EXERCISE:
Where the line containing "Elevi, profesori și" appears in the entries below, begin there and output every line through the last, exactly, minus the pictures.

Dataset excerpts:
*** Begin section ***
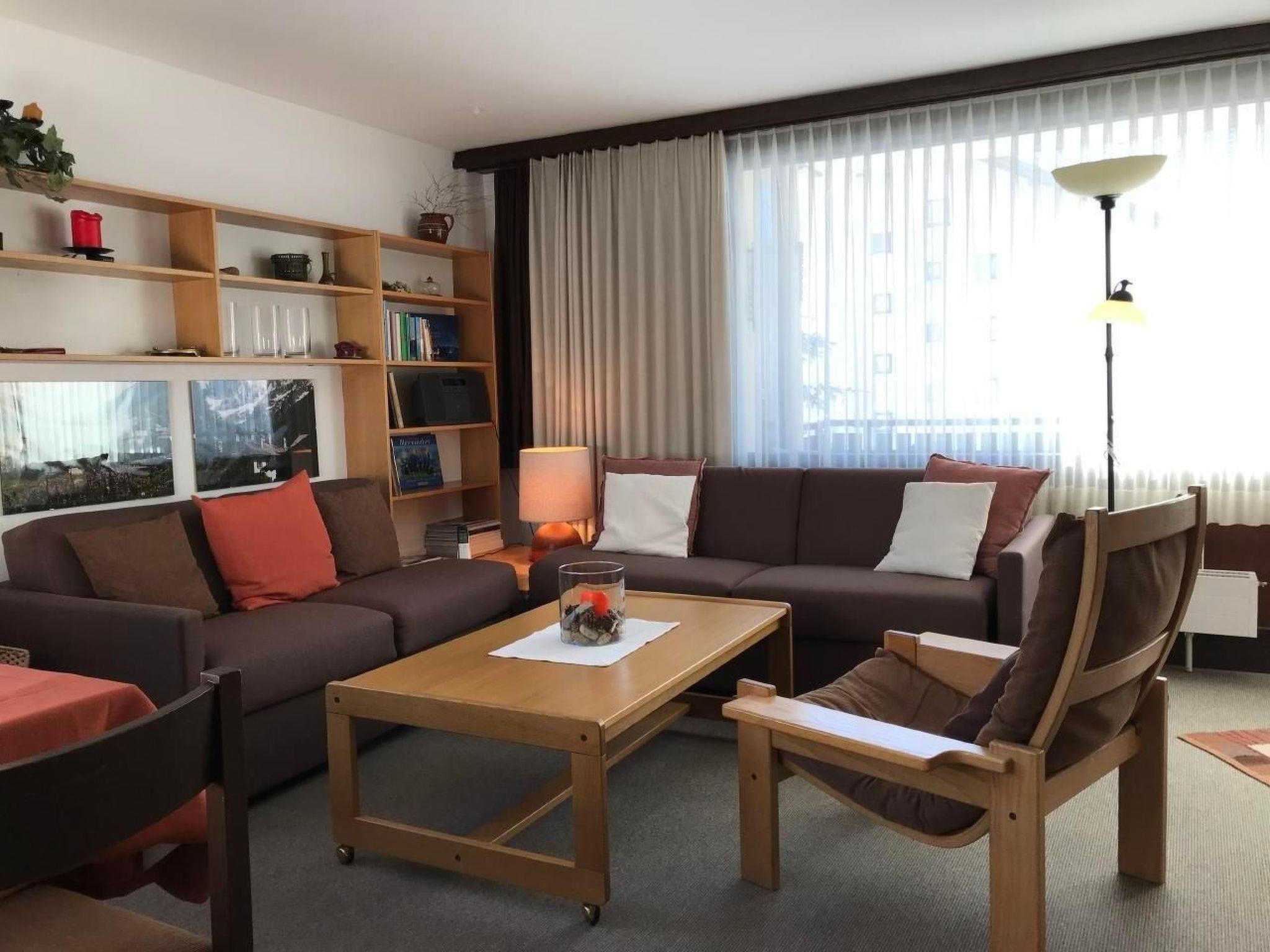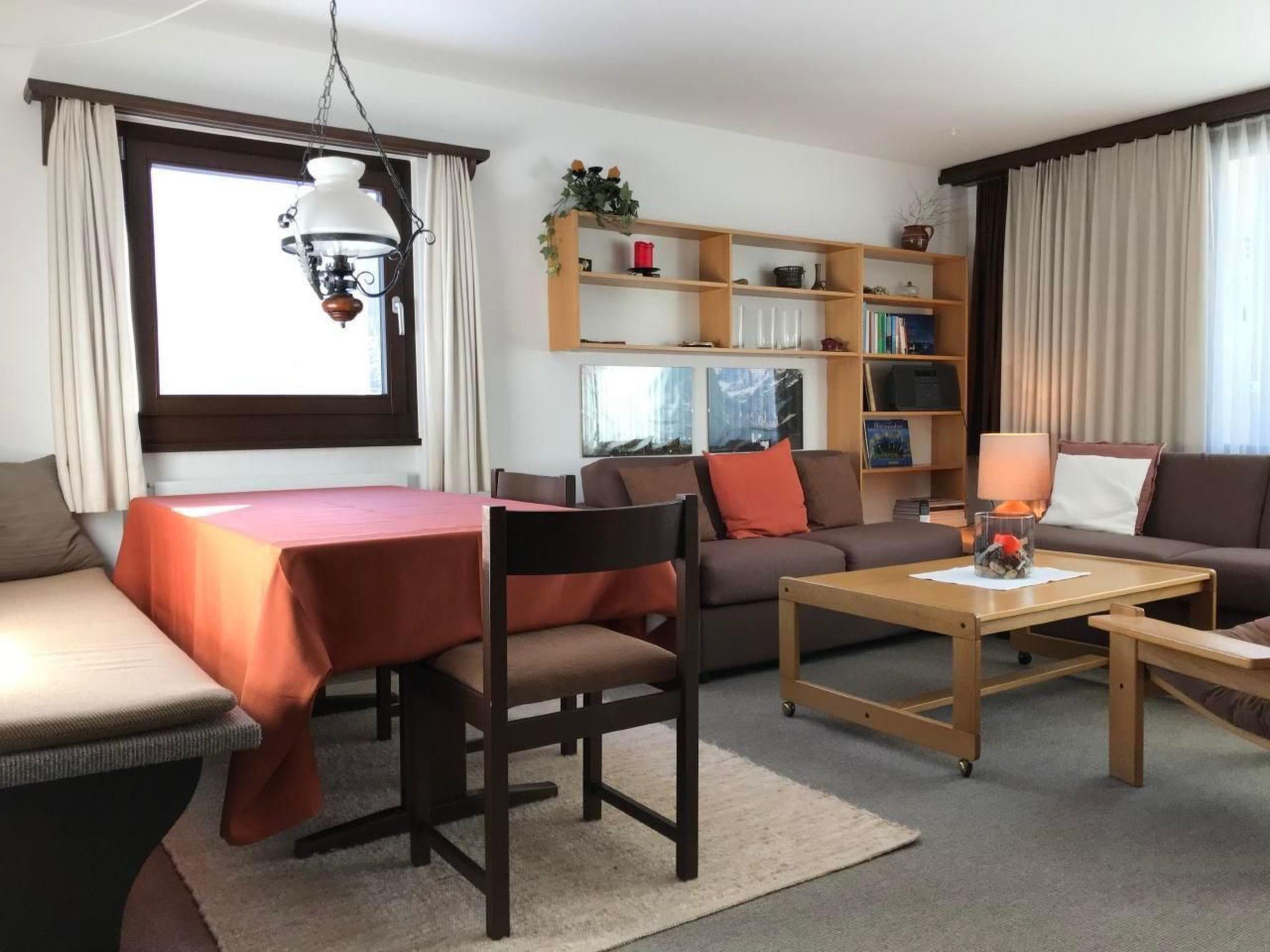 Innen bietet die Wohnung alles, was Sie für einen sorgenfreien Aufenthalt benötigen. Das Herzstück bildet das helle Wohn- / Esszimmer, das direkt auf den Balkon führt, von wo aus Sie die beeindruckende Bergkulisse genießen können. Ein Schlafzimmer mit Doppelbett und ein weiteres mit zwei Einzelbetten versprechen ruhige Nächte. Die gut ausgestattete Küche lädt zu gemeinsamen Kochabenden ein, während das Badezimmer mit Badewanne für entspannte Momente sorgt. Zusätzlicher Komfort wird durch Annehmlichkeiten wie gratis WLAN, eine Gemeinschaftswaschmaschine sowie einen Skiraum und Wachsraum geboten.
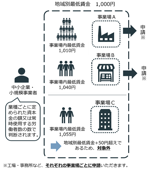 事業場内最低賃金が1,000円未満の事業場に係る申請を行う事業者
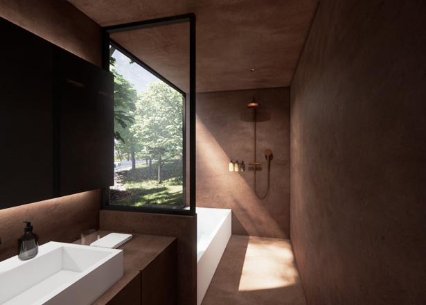 バスルームというのは、カラートーンや照明、アメニティの置き方ひとつでユーザーの感じ方が変わるので、そのあたりは細かく調整する必要があります。一般的にユニットバスというと、どうしてもプラスチックや樹脂でできた、色気のない面構えになってしまうのが残念だと常々思っていますが、ユニットは気密性・断熱性に優れ、水漏れのリスクが低く、何よりコスト的にも安心とメリットが多い。そうした利点を保持しながらデザイン性に優れていれば申し分ないですよね。
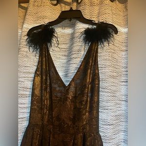 Very feminine gold dress. Had bought this to wear to a Mardi Gras themed party but went with a different dress. I could see this for a Roaring 20’s theme also. NWT. Top is somewhat sheer and straps are adjustable with feather detail. Very flattering and skirt is lined.
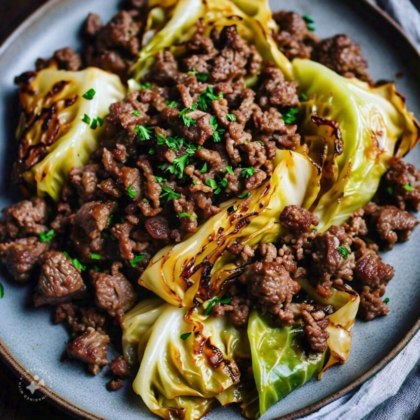 7. Serve: Serve the cabbage and ground beef stir-fry hot, garnished with chopped green onions or sesame seeds (optional).
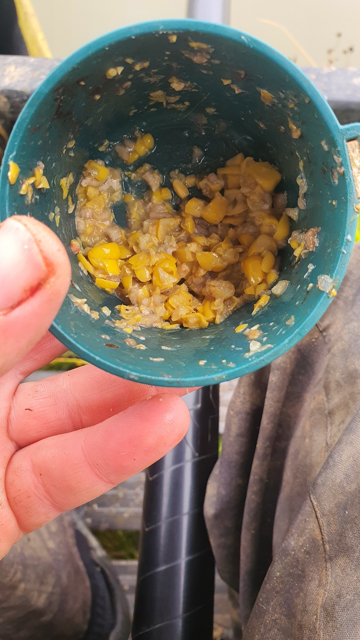 A pecáról pedig, alapozás, 4-5 gombóc annyira összenyomva, hogy leérjen egyben a fenékre. A gombócokba került kevés ollóval összevágott csonti és kukorica. A horgászat első órájában nem is etettem többet. A második órától pedig 20 percenként pici etetőanyag és vágott csonti és kukorica ment be. Mivel szúnyogot se etetni se pedig tűzni nem lehetett, így a fő csali csonti, pinki, giliszta, és ezek kombinációja volt. Négy óra alatt közel 40 db halat fogtam aminek az összsúlya 5800g volt.
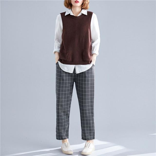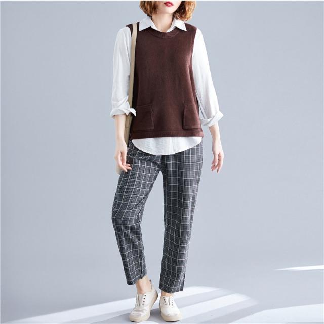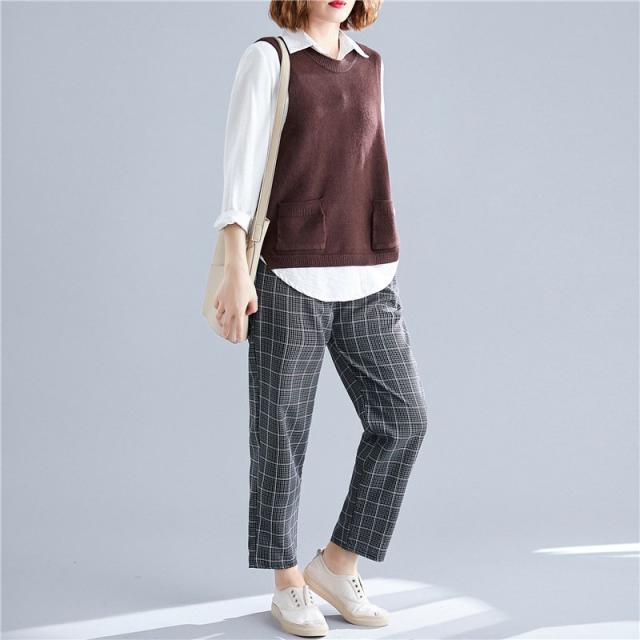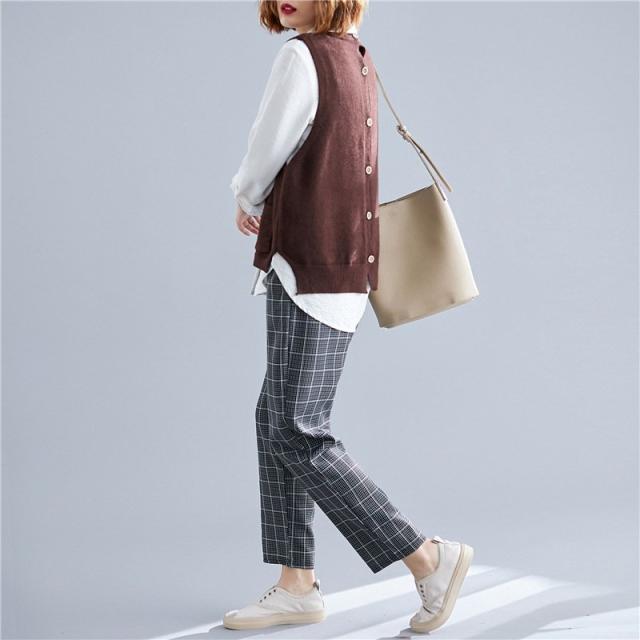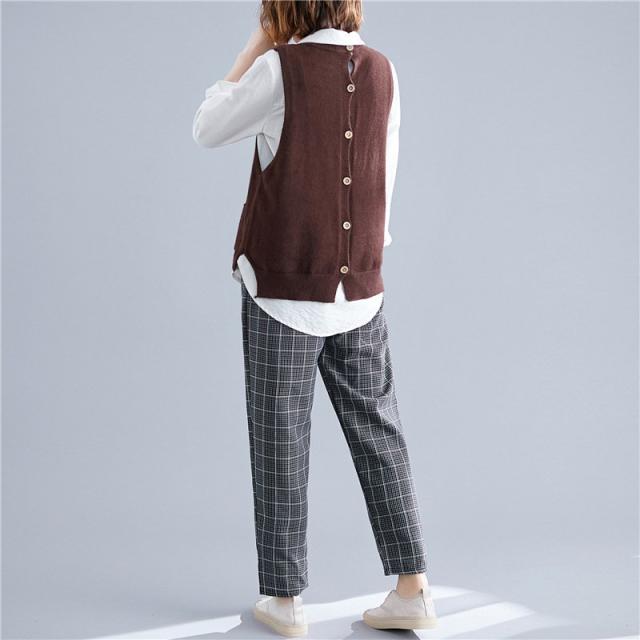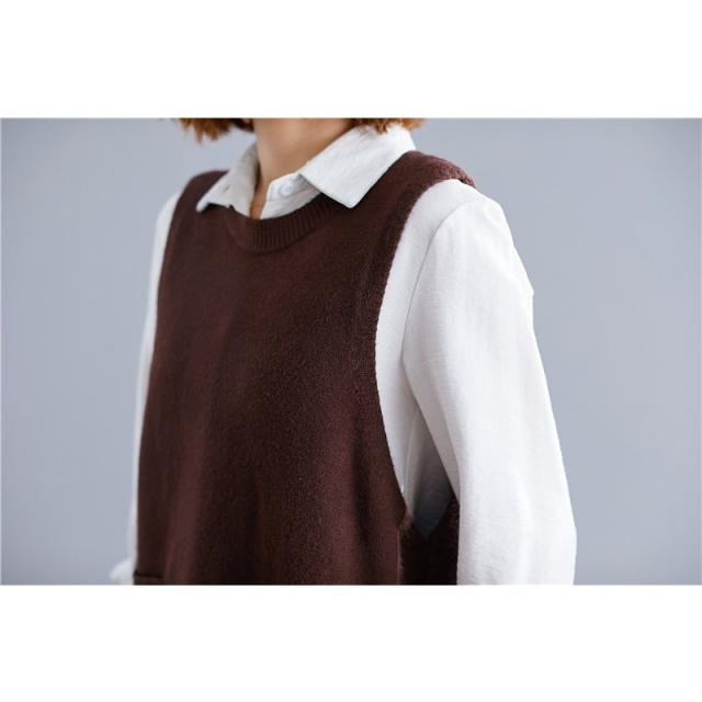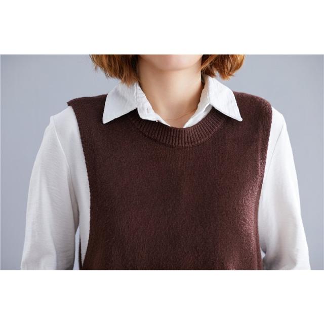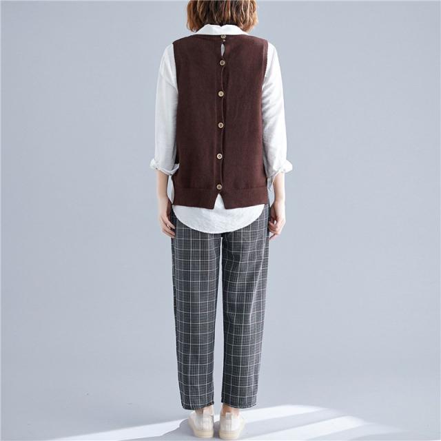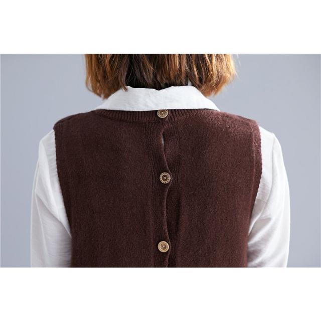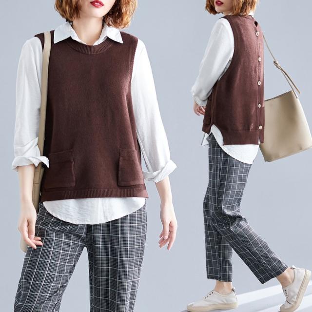 春服新品トップスセーターベストオシャレ大きいサイズ レディースおしゃれ体型カバー 後ろボタンニットシャツ重ね着 伸縮 ゴム編み 春 30代 40代
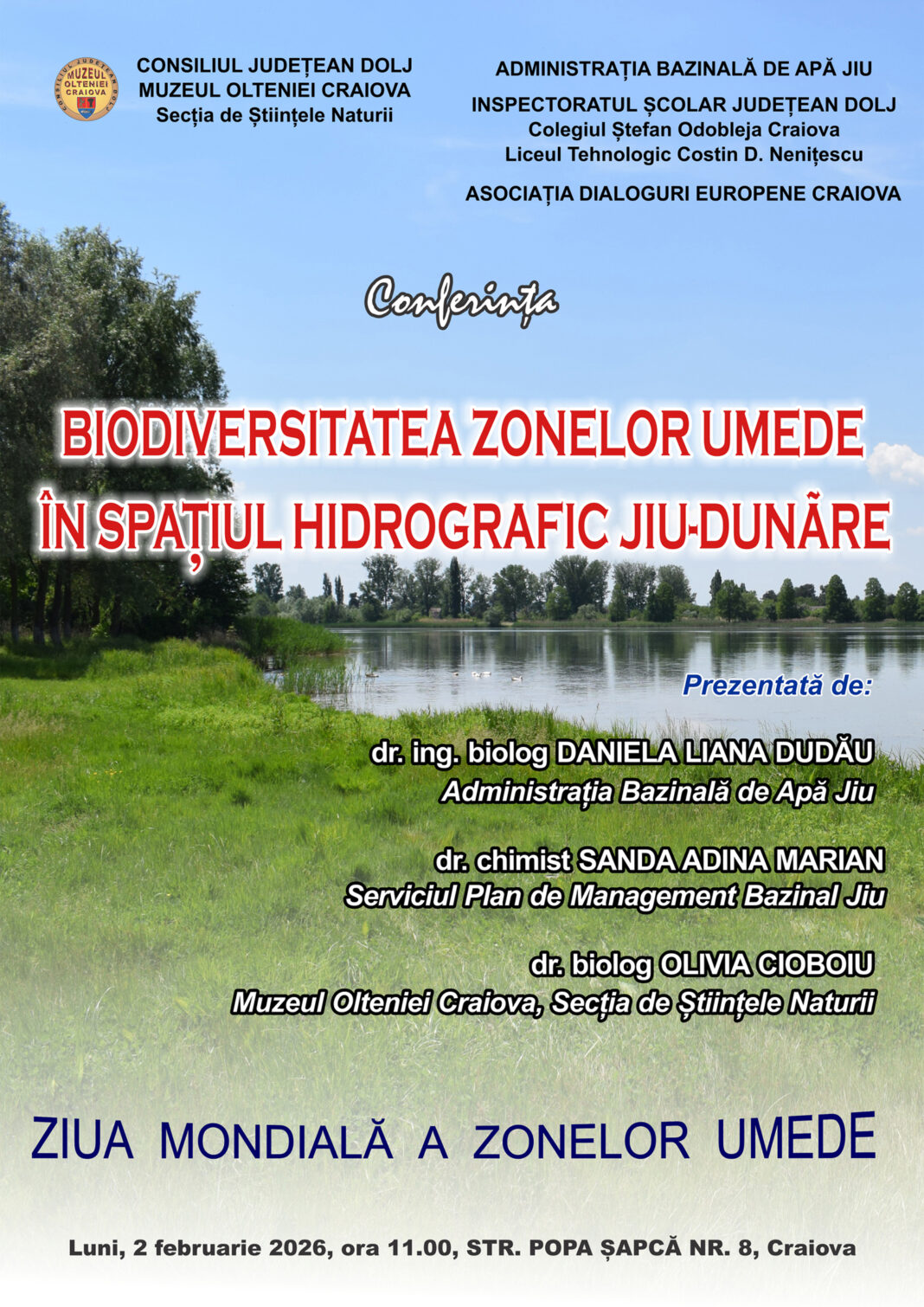 Elevi, profesori și specialiști în ecologie și hidrobiologie se reunesc luni, 2 februarie, la Muzeul Olteniei Craiova, pentru o lecție interactivă despre importanța zonelor umede, conservarea biodiversității și managementul ecosistemelor acvatice din sectorul inferior al Jiului și al fluviului Dunărea.
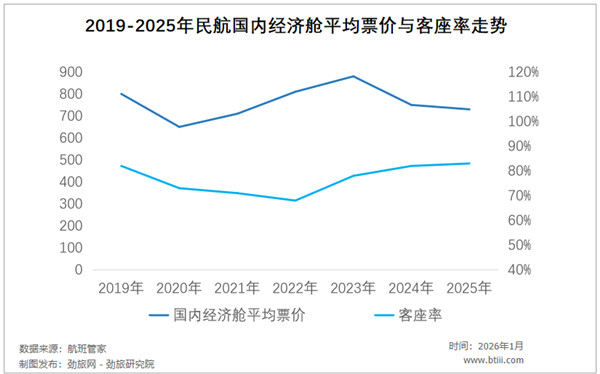 2024年国内航司经济舱平均票价同比下滑12.7%;2025年航司依旧延续低票价策略,全年经济舱平均票价达738元,同比下滑3.1%,简而言之就是所谓的“旺丁不旺财”。
*** End section ***
RESULT OF THIS TASK:
 Elevi, profesori și specialiști în ecologie și hidrobiologie se reunesc luni, 2 februarie, la Muzeul Olteniei Craiova, pentru o lecție interactivă despre importanța zonelor umede, conservarea biodiversității și managementul ecosistemelor acvatice din sectorul inferior al Jiului și al fluviului Dunărea.
 2024年国内航司经济舱平均票价同比下滑12.7%;2025年航司依旧延续低票价策略,全年经济舱平均票价达738元,同比下滑3.1%,简而言之就是所谓的“旺丁不旺财”。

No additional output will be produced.